Data excerpt -

☆ ☆ ☆ ☆

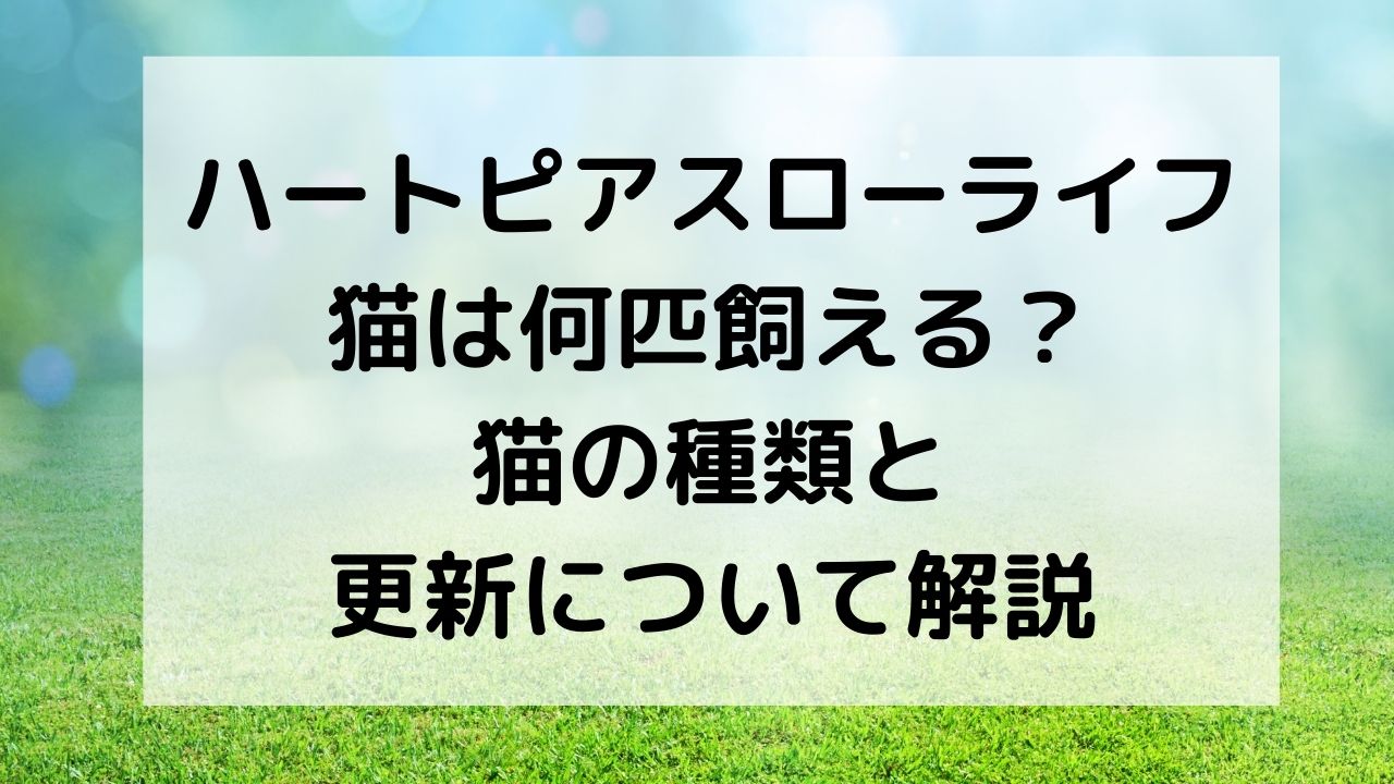 本記事では、ハートピアスローライフ猫の最大飼育数や解放条件、飼育枠の増やし方を基本から整理しています。
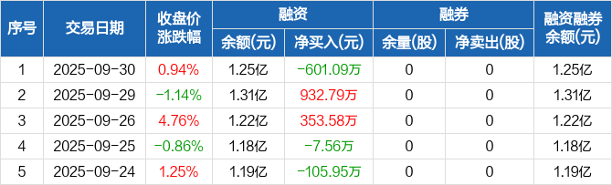 苏文电能:融资净偿还601.09万元,融资余额1.25亿元(09-30)
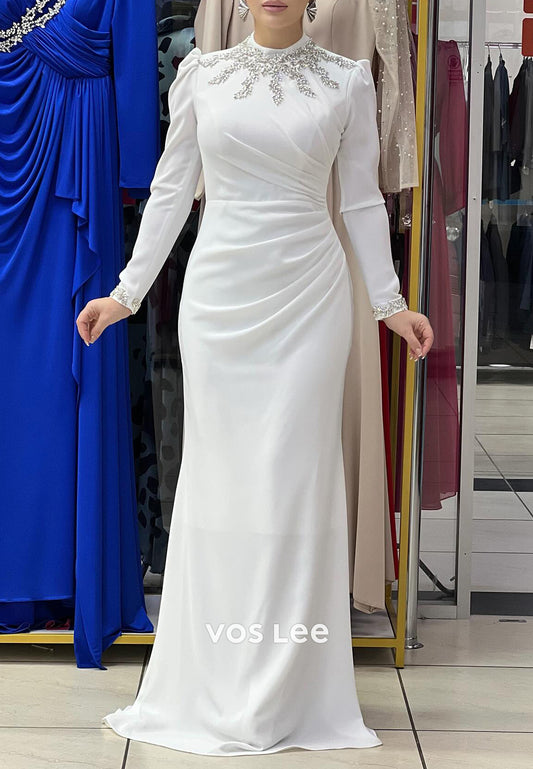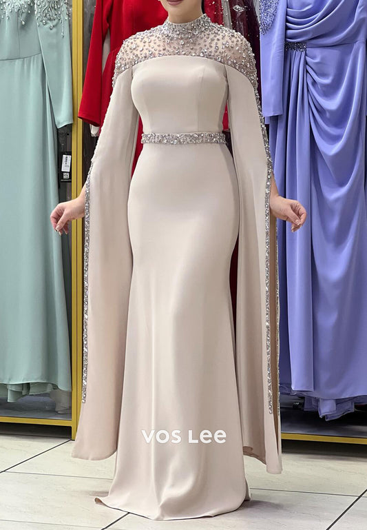 Long Sleeves High Neck Rhinestone Embellished Floor-Length Sheath Evening Dresses
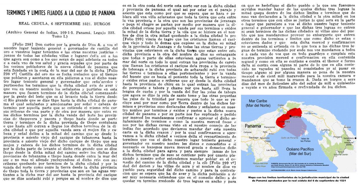 El documento comienza con la fórmula de autoridad real dirigida del rey Carlos I a las autoridades de sitios a quienes podría involucrar este trámite. Luego se dirige a los habitantes de Panamá recordando que la solicitud del trámite de sus términos o limites territoriales como ciudad, había sido solicitado desde su fundación en 1519. Luego describe la extensión del distrito municipal, que en resumen, llegaría hasta las sierras de Pacora por el norte y a una distancia de 9 leguas, al sur hasta las islas de las Perlas distantes 30 leguas, al este 9 leguas hasta una zona intransitable y montañosa, y al oeste 17 leguas. En total, la ciudad gobernaba unos 2.000 kilómetros cuadrados en tierra más el espacio del mar hasta las mencionadas islas, englobando además numerosas cacicazgos indígenas. El texto menciona también tales limites ya se habían señalado y marcado con mojoneras en la parte de tierra, cabe señalar que la parte de mar era imprecisa dado el incompleto conocimiento de esta faja continental en 1519, pero daba acceso a los españoles de Panamá a la explotación de los ricos bancos de perlas que daban nombre a las islas.

☆ ☆ ☆ ☆

Required work - When copying the listing above, begin at its first line and stop after the line with "Long Sleeves High", keeping each line exact and dropping the pictures.

Solution to the exercise -
 本記事では、ハートピアスローライフ猫の最大飼育数や解放条件、飼育枠の増やし方を基本から整理しています。
 苏文电能:融资净偿还601.09万元,融资余额1.25亿元(09-30)
 Long Sleeves High Neck Rhinestone Embellished Floor-Length Sheath Evening Dresses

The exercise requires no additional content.